PROBLEM TO WORK ON —
Reproduce the listing below from the line with "Site dédié aux" to the line with "A stylish round", both lines included, character for character, minus any pictures.

MATERIAL SHOWN —
"""

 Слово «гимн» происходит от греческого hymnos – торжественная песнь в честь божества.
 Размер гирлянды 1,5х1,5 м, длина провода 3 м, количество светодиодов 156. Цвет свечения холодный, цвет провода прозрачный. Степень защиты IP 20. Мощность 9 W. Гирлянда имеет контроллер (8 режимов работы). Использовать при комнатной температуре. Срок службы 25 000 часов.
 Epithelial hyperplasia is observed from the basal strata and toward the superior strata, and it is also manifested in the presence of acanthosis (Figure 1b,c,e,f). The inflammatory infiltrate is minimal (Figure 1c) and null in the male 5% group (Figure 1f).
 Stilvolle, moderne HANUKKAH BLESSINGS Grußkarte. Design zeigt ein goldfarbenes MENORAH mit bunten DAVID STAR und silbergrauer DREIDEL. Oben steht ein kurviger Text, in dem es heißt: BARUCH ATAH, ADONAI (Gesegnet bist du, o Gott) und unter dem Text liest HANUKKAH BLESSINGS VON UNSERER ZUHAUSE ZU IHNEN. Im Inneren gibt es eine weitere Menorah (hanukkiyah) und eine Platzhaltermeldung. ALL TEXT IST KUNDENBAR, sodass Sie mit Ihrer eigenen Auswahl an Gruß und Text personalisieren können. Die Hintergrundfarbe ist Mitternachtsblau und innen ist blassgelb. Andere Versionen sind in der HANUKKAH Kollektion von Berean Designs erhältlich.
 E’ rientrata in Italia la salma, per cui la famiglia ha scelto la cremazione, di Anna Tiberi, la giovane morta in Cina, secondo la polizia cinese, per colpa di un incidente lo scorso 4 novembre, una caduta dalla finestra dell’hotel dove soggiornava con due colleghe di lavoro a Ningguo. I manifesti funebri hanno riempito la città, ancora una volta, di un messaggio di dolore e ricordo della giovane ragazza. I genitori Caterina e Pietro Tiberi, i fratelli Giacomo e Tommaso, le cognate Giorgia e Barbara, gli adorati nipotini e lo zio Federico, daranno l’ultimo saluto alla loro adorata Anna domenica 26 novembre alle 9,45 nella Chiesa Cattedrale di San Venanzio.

"""
"""

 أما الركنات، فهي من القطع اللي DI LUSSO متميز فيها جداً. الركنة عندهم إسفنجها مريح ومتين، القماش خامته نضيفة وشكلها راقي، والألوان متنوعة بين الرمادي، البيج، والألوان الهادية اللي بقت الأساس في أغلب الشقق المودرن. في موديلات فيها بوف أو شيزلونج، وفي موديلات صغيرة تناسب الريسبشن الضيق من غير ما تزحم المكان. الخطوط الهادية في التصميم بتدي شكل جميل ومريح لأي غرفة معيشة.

"""
"""

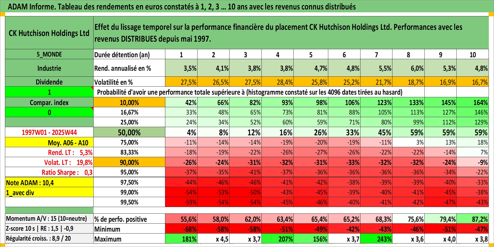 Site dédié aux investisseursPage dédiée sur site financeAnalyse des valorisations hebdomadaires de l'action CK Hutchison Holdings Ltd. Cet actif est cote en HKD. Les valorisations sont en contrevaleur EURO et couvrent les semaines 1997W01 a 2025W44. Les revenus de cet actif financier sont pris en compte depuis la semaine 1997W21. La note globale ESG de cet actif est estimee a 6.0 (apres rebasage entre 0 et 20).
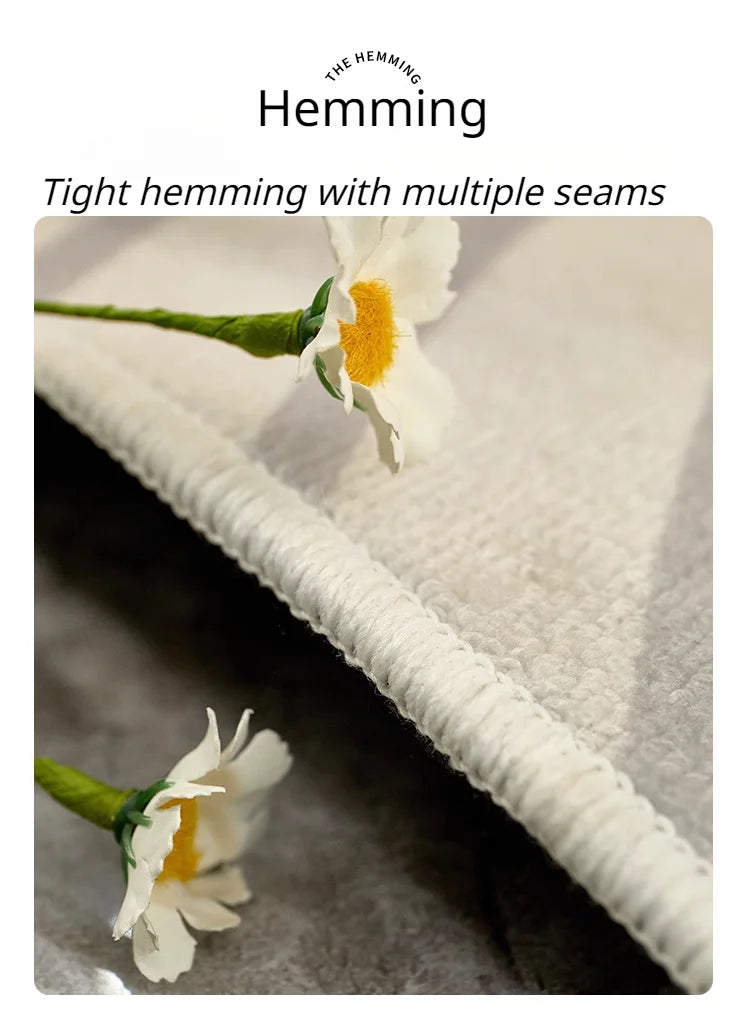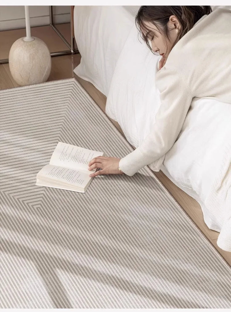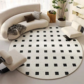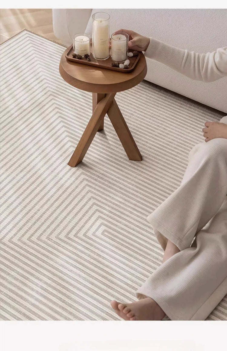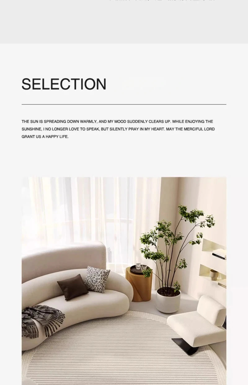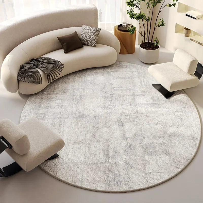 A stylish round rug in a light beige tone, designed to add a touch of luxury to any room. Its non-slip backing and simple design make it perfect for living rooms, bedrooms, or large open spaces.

"""

RESULT OF THIS EXERCISE —
 Site dédié aux investisseursPage dédiée sur site financeAnalyse des valorisations hebdomadaires de l'action CK Hutchison Holdings Ltd. Cet actif est cote en HKD. Les valorisations sont en contrevaleur EURO et couvrent les semaines 1997W01 a 2025W44. Les revenus de cet actif financier sont pris en compte depuis la semaine 1997W21. La note globale ESG de cet actif est estimee a 6.0 (apres rebasage entre 0 et 20).
 A stylish round rug in a light beige tone, designed to add a touch of luxury to any room. Its non-slip backing and simple design make it perfect for living rooms, bedrooms, or large open spaces.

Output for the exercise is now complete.